Cours d’agriculture (Rozier)/EFFRITER
EFFRITER une terre. C’est l’épuiser, la rendre stérile ; ces mots sont synonymes. Lorsque les salpêtriers, par les lixiviations répétées, ont tiré de la terre tous les sels qu’elle contient, & que l’eau mère est chargée de toutes les parties graisseuses, huileuses & animales, alors la terre est parfaitement effritée, & le lien d’adhésion qui réunissoit les molécules les unes aux autres, est rompu ; enfin, cette terre n’a plus de consistance : on sèmeroit en vain par-dessus des graines quelconques : si elles germent, elles lèveront mal, à moins que cette terre ne s’approprie les principes répandus dans l’atmosphère dont nous avons parlé au mot Amendement, & au dernier chapitre du mot Culture. Les plantes chevelues sur-tout, & les trop fréquens labours opèrent, chacun dans leur genre, & effritent la terre.

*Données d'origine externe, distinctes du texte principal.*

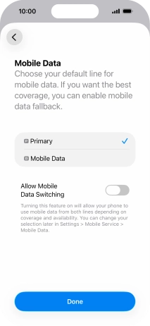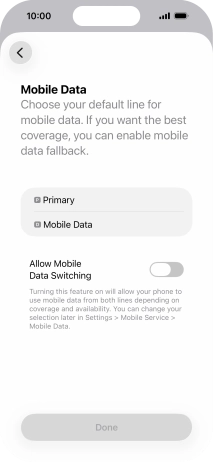 Press the indicator next to "Allow Mobile Data Switching" to turn the function on or off.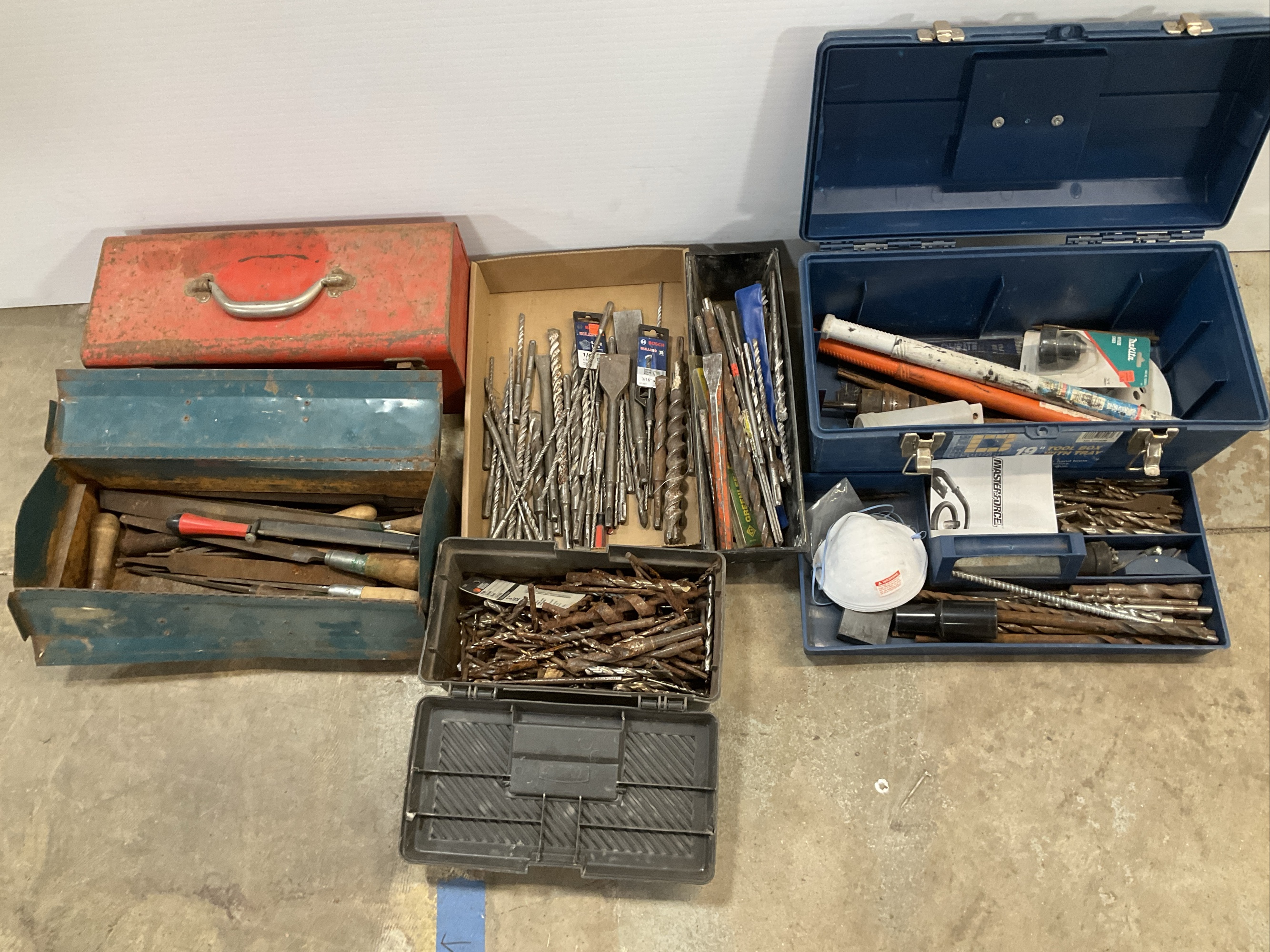 Tool Lot with Toolboxes, Files, and Drill Bits

Prenons pour exemple la plante du tournesol nommée vulgairement soleil. Sa tige s’élève souvent à la hauteur de six à sept pieds, se partage dans le haut en plusieurs rameaux, & chaque rameau porte une ou plusieurs fleurs de cinq à six pouces de diamètre. Fouillons actuellement la terre, découvrons ses racines, & nous trouverons un nombre prodigieux de chevelus de neuf à douze pouces de longueur, sur une épaisseur de cinq à six pouces. Supposons encore que ce tournesol ait végété dans une terre compacte, on trouvera cependant que la terre mêlée entre ces chevelus sera presque réduite en poussière, parce qu’ils en auront épuisé tous les sucs & les sels, & ils auront, pour ainsi dire, à la manière des salpétriers, détruit tout lien d’adhésion ; la terre qui aura avoisiné ces chevelus sera également effritée. On doit conclure de cet exemple, que plus une plante, un arbre, &c. ont garnis de chevelus, plus ils irritent la terre. Toute racine chevelue effrite la terre à peu de profondeur ; toute racine pivotante n’épuise pas la partie supérieure, mais l’inférieure : voilà pourquoi après le blé on ne doit pas semer du blé, ni de la luzerne après la luzerne ; mais le blé réussira très-bien après la luzerne, & ainsi tour à tour. La forme des racines, comme je l’ai déjà dit plusieurs sois, est la base de la culture. C’est encore pour cette raison que la luzerne, prise pour exemple, fait périr tous les arbres aux pieds desquels elle est semée ; sa racine pivote profondément & enlève la substance qui leur étoit destinée. D’après ces observations, le jardinier prudent ne plante pas dans le même sol, par exemple, des scorsonères après des carottes ; il alterne ses plantations, & le lin ne sauroit croître sur le même sol, que plusieurs années après celle du premier semis.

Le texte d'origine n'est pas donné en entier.